Option B: First-party logging (own system) Description Instrument your app to increment counters on dataset-site render (views) and on file fetch (downloads), storing aggregates per dataset per day.

Pros

  • Clean semantic alignment: counts are natively “per dataset,” not inferred from pages.
  • Downloads are straightforward and highly reliable when logged at the storage or API layer (e.g. signed URL issuance).
  • Full control over aggregation windows, caching, and privacy posture (no third-party tracking).

Cons

  • Engineering and operational overhead (storage, aggregation jobs, bot mitigation).
  • Requires explicit decisions about what counts as a “view” (unique vs. raw hits).
  • You must implement basic bot filtering yourself (see Bar-Yossef et al., 2008).

Practical synthesis (common pattern)

A hybrid is often optimal:

  • Record downloads first-party (they are high-signal and easy to define).
  • For views, either (a) log first-party lightweight counters, or (b) ingest GA aggregates nightly and cache them.
  • Expose only cached aggregates to the public UI; reserve detailed time-series for the dashboard.

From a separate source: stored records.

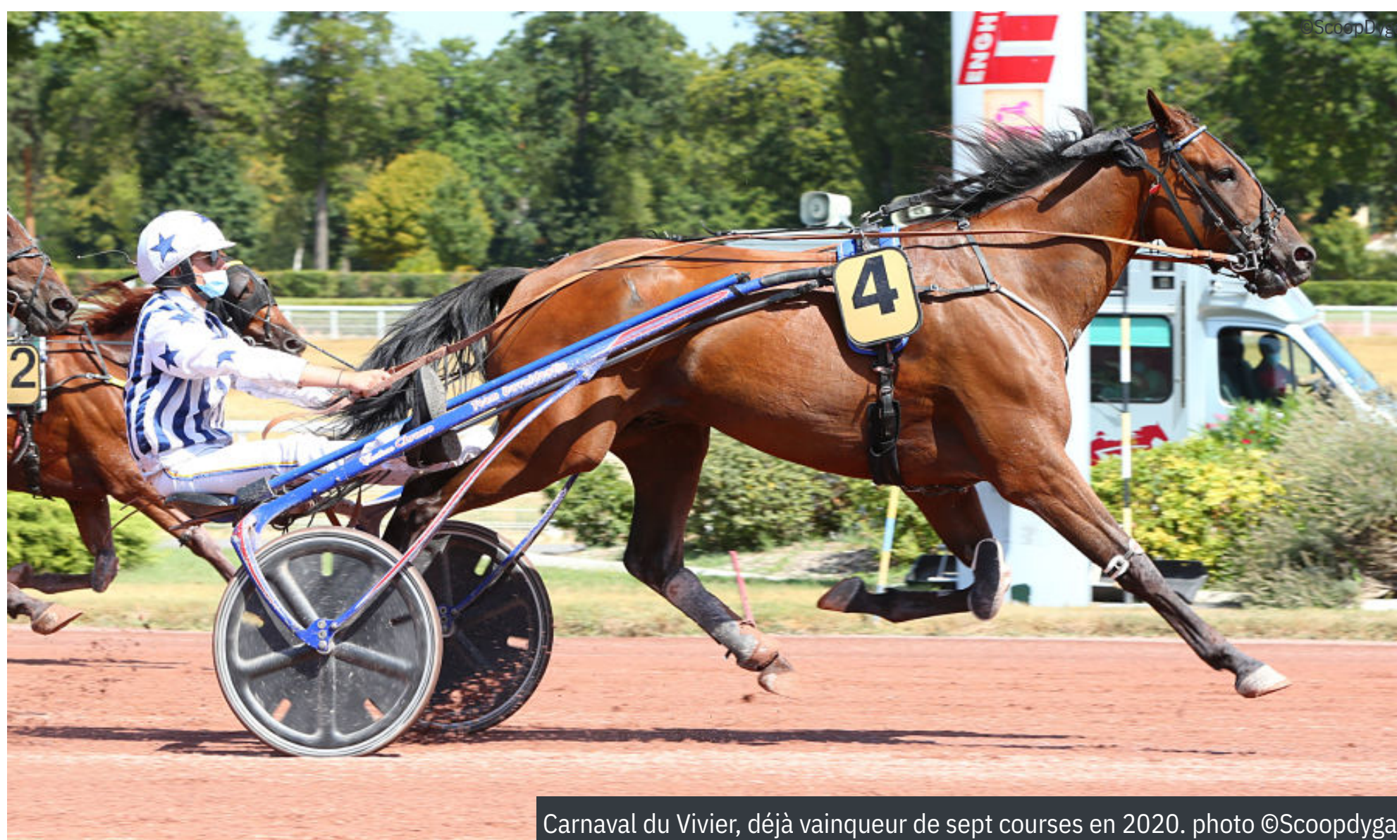
Carnaval du Vivier, déjà vainqueur de sept courses en 2020.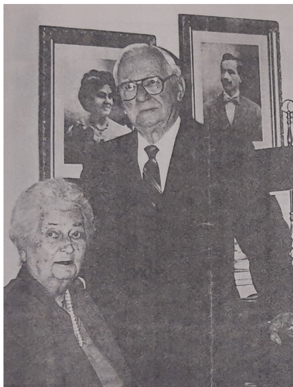
5. kép: A 60. házassági évfordulón (lásd: 14. lábjegyzet)

Az imént ismertetett, három embernek is elegendő életút mellett még egy területen kipróbálta magát: erdőgazdálkodási vállalkozásának sikerre vitele után szerzőként is bemutatkozott. Még 1942-ben, egy cserkésztalálkozó alkalmából kezdett el „furcsa és különleges definíciókat” gyűjteni. Ez a hobbija később is megmaradt, az 50 éven át folyamatosan gyűjtött vicces szómagyarázatokat szorgosan lejegyezte és katalogizálta is. Az ennek alapján készült könyv 1993-ban jelent meg, címe pedig Deft and Daft Dictionary volt. 19 Saját bevallása szerint ez volt az első és utolsó könyve, nem tervezte, hogy írói karrierbe is belekezd. Ide kapcsolódik, hogy lelkes gyűjtője és fordítója volt a magyar költészetnek, személyes iratai között sok klasszikus (pl. Petőfi-versek), de néhány kevésbé ismert magyar vers saját kezűleg fordított angol változata is megtalálható. 20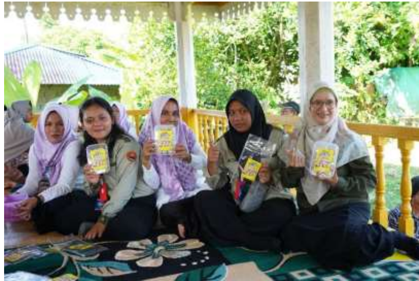
Gambar 3. Praktek Pacakaging Produk Masyarakat Desa Koto Benai

Pemberdayaan juga dapat didefinisikan setiap orang memperoleh pemahaman dan pengendalian kekuatan sosial, ekonomi, dan/atau politik untuk memperbaiki keberadaannya di masyarakat (Sifa et al., 2022). Program pengembangan produk lokal menghasilkan kemasan-kemasan dari olahan produk lokal masyarakat Desa Koto Benai (Gambar 4).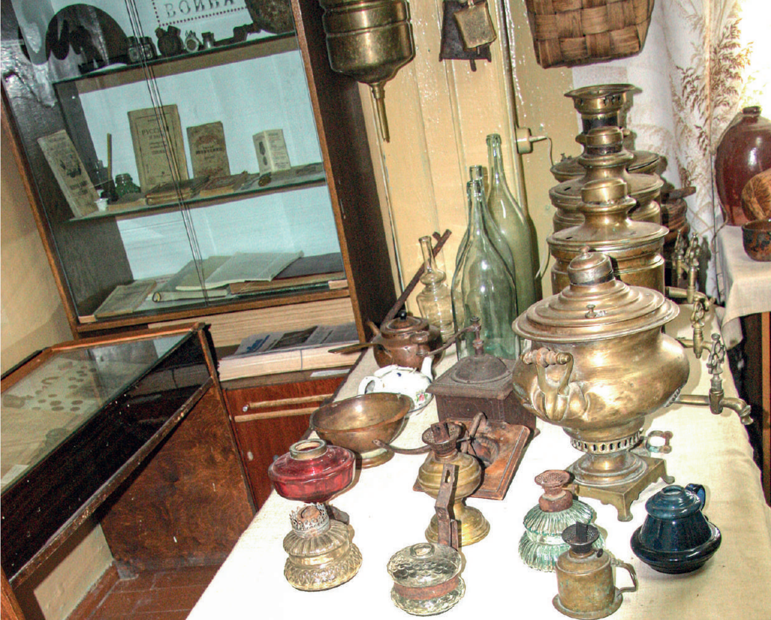
🔺 Выставка предметов быта

This mirrors practices in scholarly repositories, where download counts are treated as primary impact indicators and views as secondary context (Piwowar et al., 2007; COUNTER Code of Practice, 2018).

References

  • Google. (2024). Google Analytics documentation.
  • European Data Protection Board. (2020). Guidelines on consent under GDPR.
  • Piwowar, H., Day, R., & Fridsma, D. (2007). Sharing detailed research data is associated with increased citation rate. PLOS ONE.
  • COUNTER. (2018). Code of Practice Release 5.
  • Bar-Yossef, Z. et al. (2008). Counting user visits in web analytics. WWW Conference.